These baselines represent minimal-effort strategies and serve as lower bounds for model evaluation.

Evaluation Metrics

  1. Primary Metric: Root Mean Squared Error (RMSE) of the 30-minute ahead forecast, averaged over all test points.
  2. Secondary Metrics: Mean Absolute Error (MAE) and the Clarke Error Grid (CEG), which classifies prediction errors by clinical risk.
  3. Statistical Comparison: The paired Wilcoxon signed-rank test is used to assess the significance of differences in RMSE between ARIMA and ridge regression predictions across all subjects and test points, reflecting the non-normal distribution of forecast errors [5].

Implementation and Reproducibility
All analyses are conducted in Python using standard scientific libraries (numpy, pandas, scikit-learn, statsmodels), with code and configuration files made available in a public repository to ensure reproducibility. Model fitting, hyperparameter selection, and evaluation are automated within a modular pipeline, enabling replication and extension to additional datasets or model variants.

Results

Predictive Performance
Table 1 summarizes the per-subject RMSE, MAE, and CEG metrics for ARIMA, ridge regression, and baseline models. Ridge regression with lag features consistently achieves lower or comparable RMSE to ARIMA across all subjects, with improvements ranging from 2% to 12% depending on inter-individual variability and data volume. The persistence and moving average baselines exhibit substantially higher errors, confirming the value of autoregressive modeling.

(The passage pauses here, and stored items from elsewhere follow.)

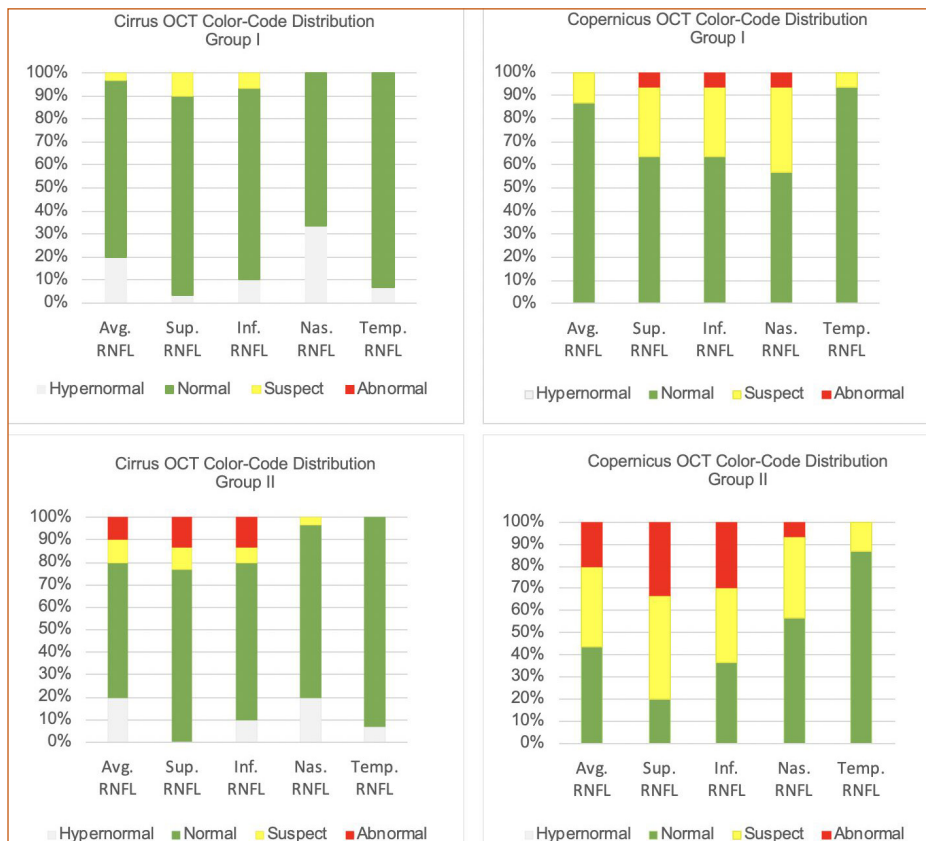
Figure 2: Distribution of color-codes created by Cirrus and Copernicus optical coherence tomographies in patients with glaucoma suspect (Group I) and early glaucoma (Group II)

RNFL: Retinal nerve fiber layer; OCT: Optical coherence tomography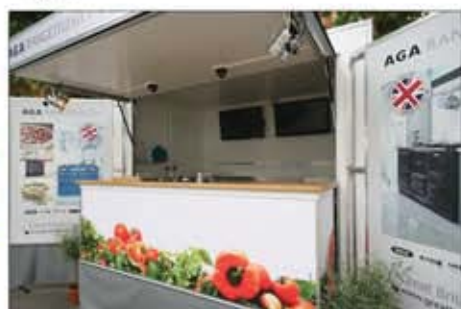
Eat Reading Live AGA Rangemaster branding

AN AFFORDABLE MEDIUM SIZE MOBILE UNIT, COMPLETE WITH PREP & WASH UP AREA. IDEAL FOR OUTDOOR EVENTS.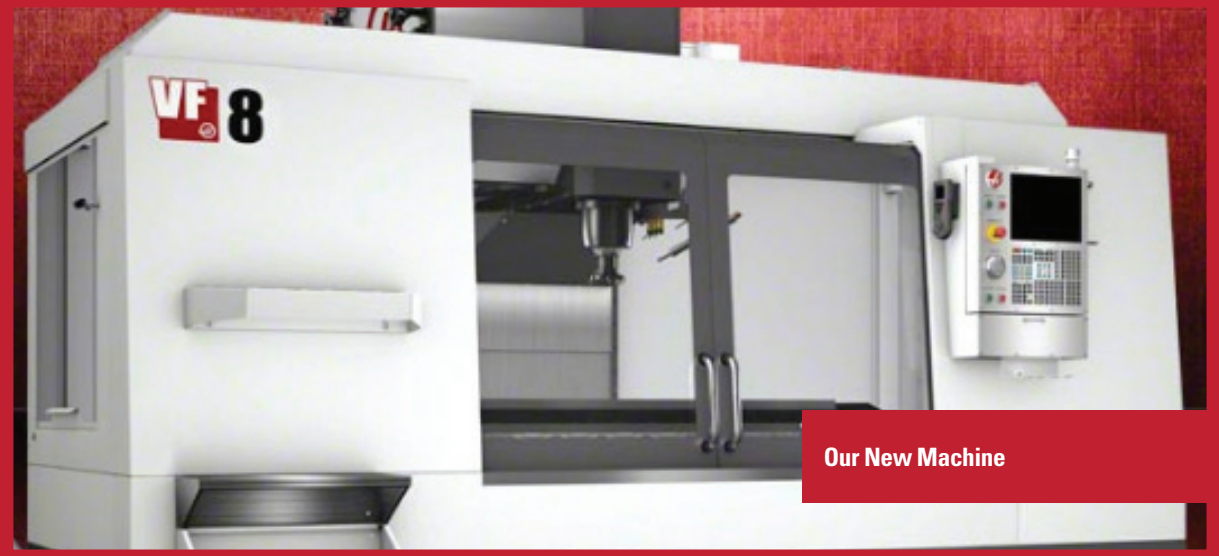
Our New Machine

Table 1: Average 30-min Ahead RMSE, MAE, and CEG Metrics by Model and Subject.

The paired Wilcoxon test indicates that the improvements in RMSE achieved by ridge regression over ARIMA are statistically significant at the 0.05 level for the majority of subjects (p < 0.01), confirming the robustness of the observed advantage.

Forecast Trace Visualization
Figure 1 presents representative forecast traces over a 24-hour test period for a sample subject, comparing ARIMA, ridge regression, and baseline predictions. Ridge regression closely tracks the true glucose trajectory, particularly during rapid excursions, whereas ARIMA exhibits lag and occasional overshooting. Baselines fail to capture both the magnitude and direction of changes.

Figure 1: 24-h Glucose Forecasts (+30 min) by Model.

Clarke Error Grid Analysis
The Clarke Error Grid (Figure 2) illustrates the clinical safety of forecasts. Ridge regression yields over 96% of predictions in Zone A (clinically accurate) and the remainder in Zone B (benign), with negligible Zone C-E errors (potentially dangerous). ARIMA’s predictions are slightly more dispersed, with 92–95% in Zone A and more points falling into Zone B, reflecting greater deviation during glycemic excursions.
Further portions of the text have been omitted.